Closed SenmiaoORZ closed 2 months ago

gkielian commented 3 months ago

I have been testing out the KAN module, and seems to work better as an MLP replacement than a nn.Linear replacement.

Haven't been able to get stable inference yet with the nn.Linear replacement, but the inference with MLP works well until the model begins overfitting.

Let's hold on adding to the nn.Linear until we can confirm that the inference works, we can speak more on Tuesday about the next steps.

That it does appear to work for the MLP is awesome, and looking forward to beginning discussion of next steps.

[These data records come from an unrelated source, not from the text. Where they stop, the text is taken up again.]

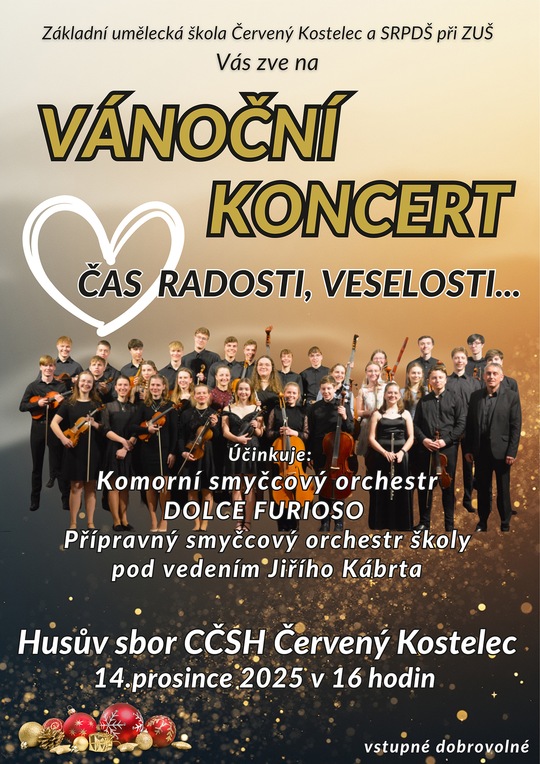 Základní umělecká škola Červený Kostelec a SRPDŠ při ZUŠ vás zvou na vánoční koncert do Husova sboru.
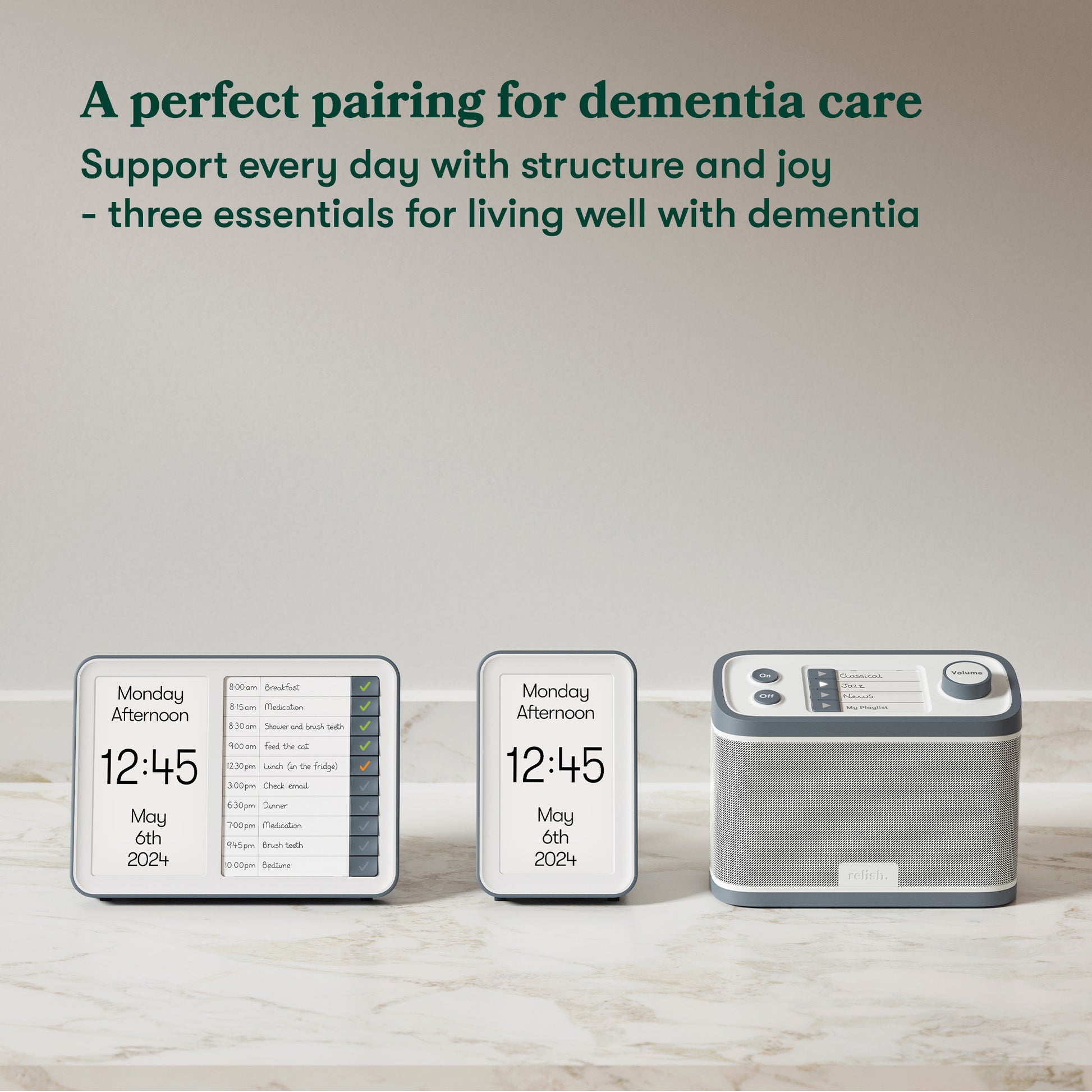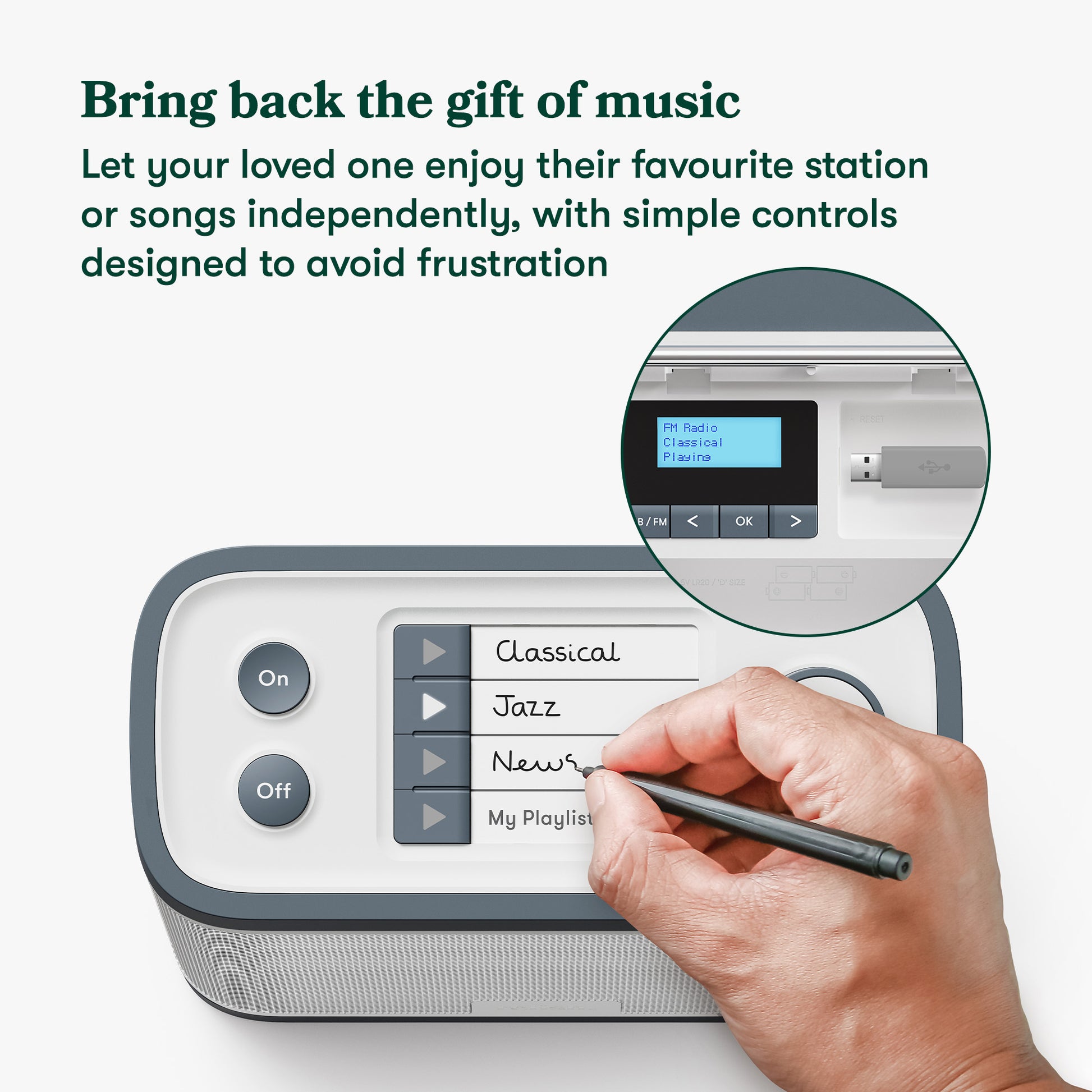 The pack includes our simplifed Radio & Music Player allows them to experience the power of music themselves, and our Day Hub which helps with their daily routine to live independently at home for longer.
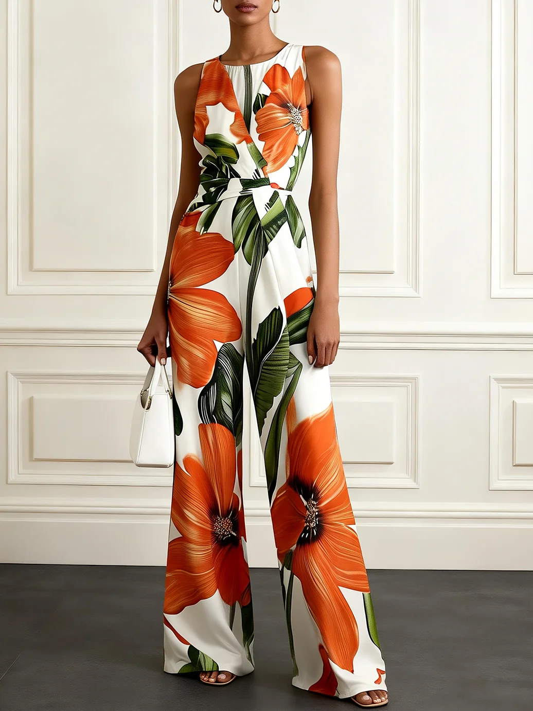 Women Orange Floral Crew Neck Sleeveless Romantic Jumpsuit
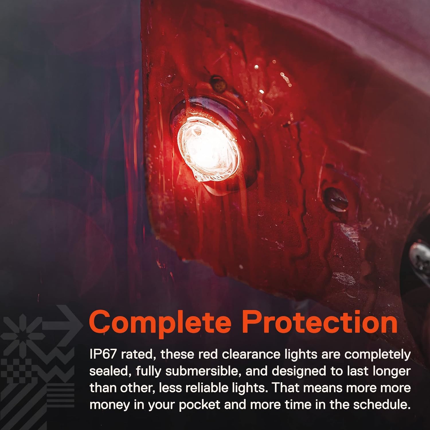 • FULLY SUBMERSIBLE - IP67 rated, these clearance lights are completely sealed, fully submersible, and designed to last longer than other, less reliable lights. That means fewer weather-related failures and more time in the schedule.
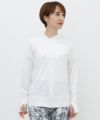 指穴ありの長い袖丈なので、手の甲までしっかりとカバーできるのが嬉しいポイント!フード付きでアウトドアシーンでも活躍してくれます。喉元までしっかりとファスナーが閉まるので、デコルテもしっかりケア。
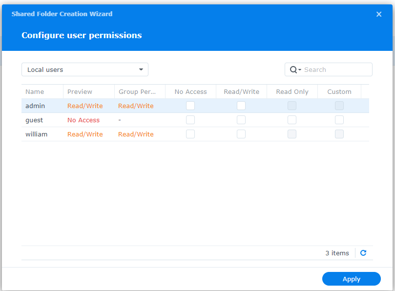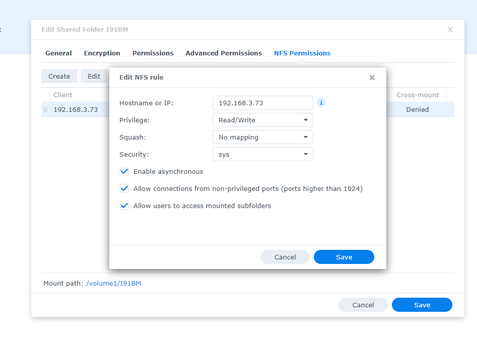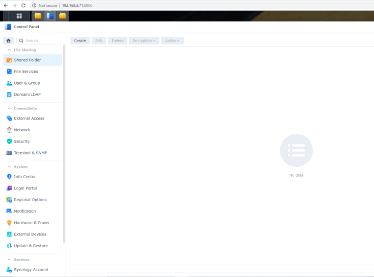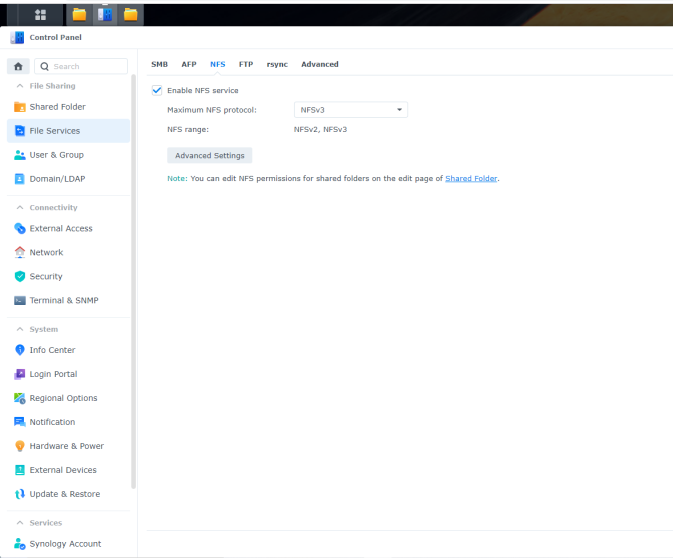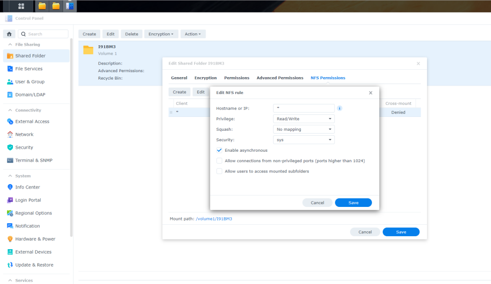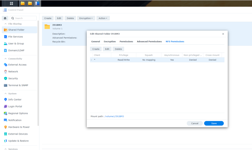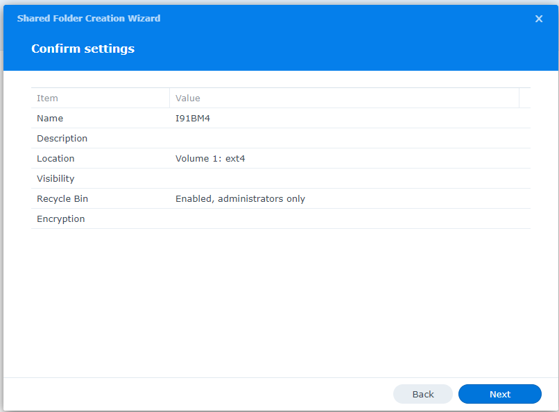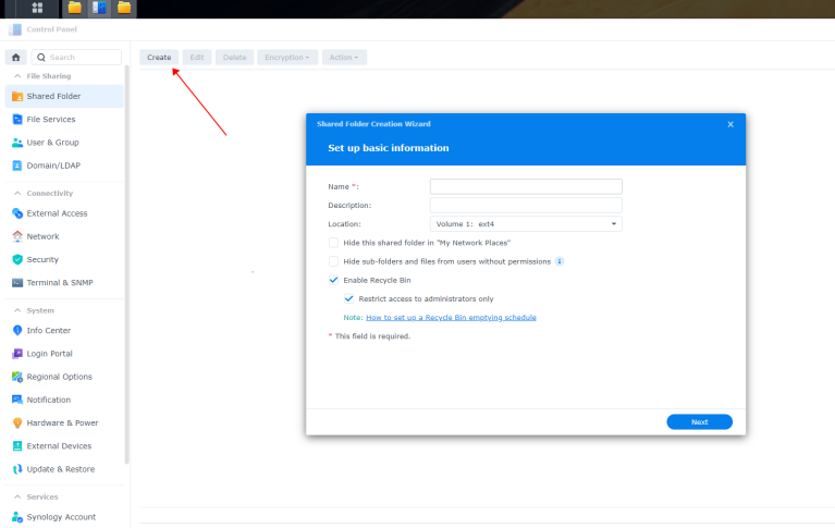 8. Go to Shared Folder to create a file to save the records from the camera. The Name can be anything. And click Next until you see the “NFS permissions”.

gkielian commented 2 months ago

@SenmiaoORZ

I just finished making some adjustments, more details in: https://github.com/SenmiaoORZ/nanoGPT/pull/1/

In essence, rewrote the Kalnet just little bit to allow for beter polymorphism between existing linear variations, to add argparse param variables for base activation type and polnomial order and other KAN features, and a stability enhancement for forward pass and inference allowing us to use sample.py (and we can probably try again with the attention replacement now too, I think).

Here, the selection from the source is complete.